Gravitational waves are quadrupole oscillations of the classical gravitational field, that travel through space at the speed of light; they are generated by the rapid relative motion of two or more bound gravitating masses. They were proposed by Oliver Heaviside in 1893 and then later by Henri Poincaré in 1905 as the expected gravitational equivalent of electromagnetic radiation. In 1916, Albert Einstein demonstrated that gravitational radiation results from his 1915 field theory of gravity, as ripples in spacetime itself. Unlike electromagnetic radiation, which has a vector character and is generated by oscillating charge (a time-dependent dipole), gravitational radiation is of 2nd rank tensor character, and is generated by two or more masses in very close orbit around a common center of mass... a gravitational quadrupole. [If gravity could be quantized, the bosons would have spin 2.]

Heaviside (1850 – 1925)

Poincaré (1854 – 1912)

In later years various physicists, including Einstein himself, concluded that gravitational radiation could not do work and was therefore indetectable, or even nonexistent. Richard Feynman challenged that prevailing idea in a talk delivered in 1957, where he proposed a now famous thought experiment, the sticky bead, demonstrating conceptually that gravitational radiation could do work, and was therefore detectable. This revelation unfortunately inspired some crackpots who made absurd claims that they had detected such radiation, during the 1960s. However, it also inspired many physicists to think about what a realistic and practical gravitational wave telescope would look like, and precisely how it would work. A two-armed laser interferometer seemed to be the best bet.  Meanwhile, indirect detection was becoming possible.  A very close binary star system should be losing total energy via gravitational radiation, by a detectable amount. Indeed, the first indirect evidence for the existence of gravitational waves came in 1974 from the observed orbital decay of a binary neutron star system (binary pulsars), which matched the amount of decay, predicted by Einstein's theory of gravity, for energy lost by the system through emission of gravitational radiation. In 1993, Russell Alan Hulse and Joseph Hooton Taylor Jr. received the Nobel Prize in Physics for their discovery.

Feynman

Hulse and Taylor

The way to detect gravitational waves directly was, after much thought by many people, determined to be a two-armed laser interferometer. When a gravitational wave passes through the interferometer, vaguely speaking, one of the arms gets shorter and the other arm gets longer, and then vice versa, by an incredibly tiny amount. But with very powerful lasers, and multiple reflections of the beam to increase intensity, the interference due to these incredibly small distance changes is detectable... the change can be less than 10^-19 meters!  The actual detectors are nearly perfectly isolated pendulums, which are also mirrors. 

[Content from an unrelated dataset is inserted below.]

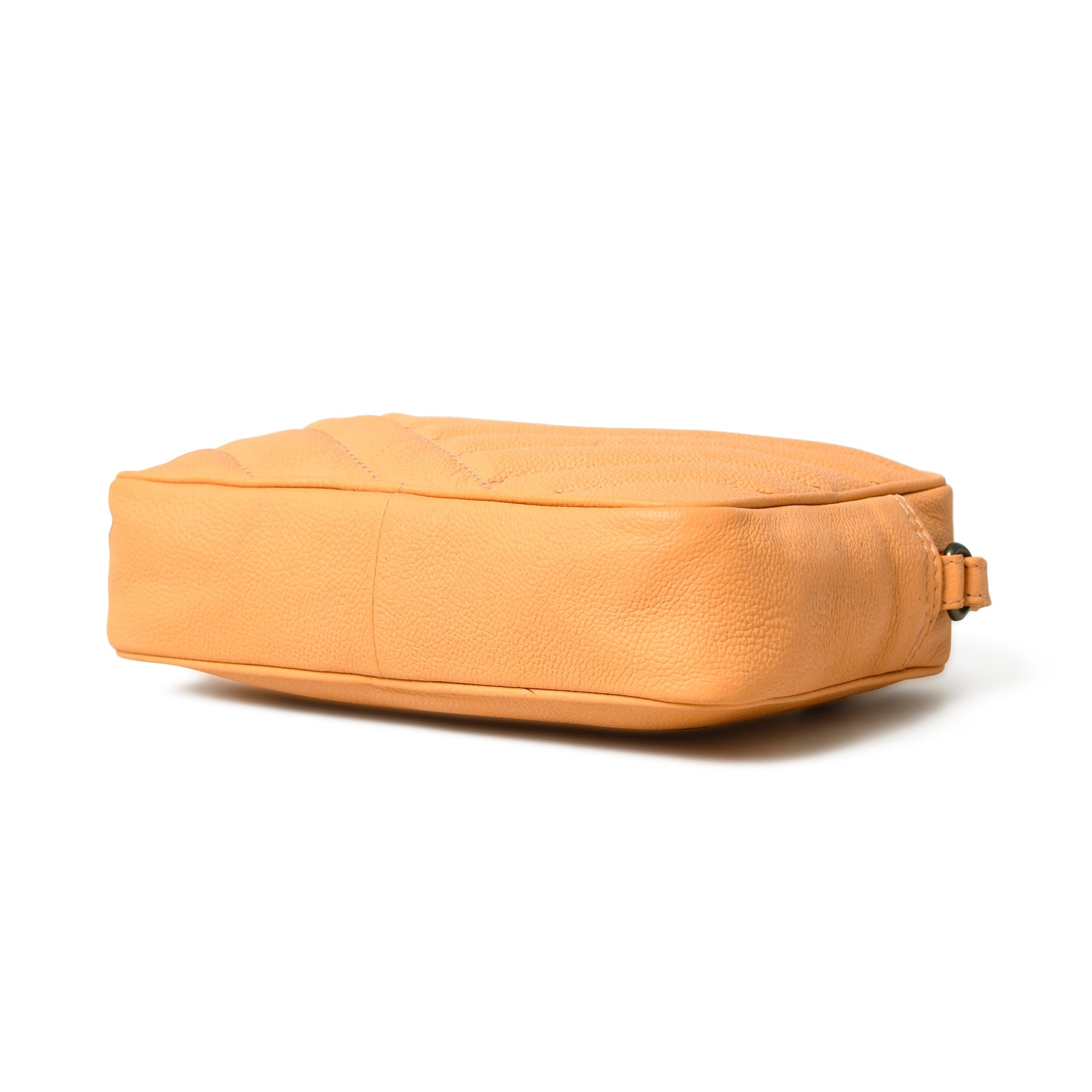 Quilted Elegance: Ace your style game with a beige leather sling bag adorned with a quilted texture of parallel lines, showcasing meticulous hand-stitching for a luxurious appeal.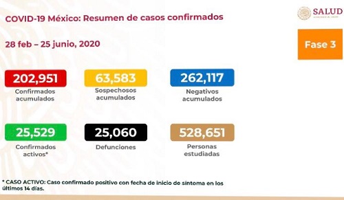 CIUDAD DE MÉXICO. El Dr. Hugo López Gatell, Subsecretario de Prevención y Promoción de la Salud, actualizó las cifras oficiales de la Pandemia del Covid-19 en la República Mexicana, al corte de hoy jueves 25 de junio de 2020:

The first direct observation of gravitational waves was made in September 2015, when a signal generated by the merger of two black holes was received by the twin LIGO gravitational wave detectors in Livingston, Louisiana, and in Hanford, Washington. The 2017 Nobel Prize in Physics was subsequently awarded to Rainer Weiss, Kip Thorne and Barry Barish for their role in this at-last direct detection of gravitational waves.

Barish, Thorne and Weiss

The primary currently existing ground-based gravitational wave detectors are the two LIGO (Laser Interferometer Gravitational-Wave Observatory) installations, Virgo, and KAGRA (Kamioka Gravitational Wave Detector). LIGO has its twin detectors in the US, Virgo is located in Italy, and KAGRA is in Japan. In addition to these, there are smaller, more focused detectors, such as GEO600 in Germany. Because the length of the arms of the interferometer limit the wavelengths of gravitational radiation that can be observed, a multinational effort has been devoted to the development of interferometers consisting of multiple systems of satellites (usually three) in orbit about earth or sun.   Observations of events emitting strong pulses of gravitational radiation are now routine, and a huge library of black hole-black hole collisions and other collisions  (neutron star-black hole and neutron star-neutron star) that emit detectable gravitational radiation is being assembled.  Sensitivity of the existing detectors is constantly being improved.

Calculations of the aspects of black hole-black hole collisions are a big challenge to current physics, so that three totally different theoretical approaches are needed to deal with the three different stages of the single process!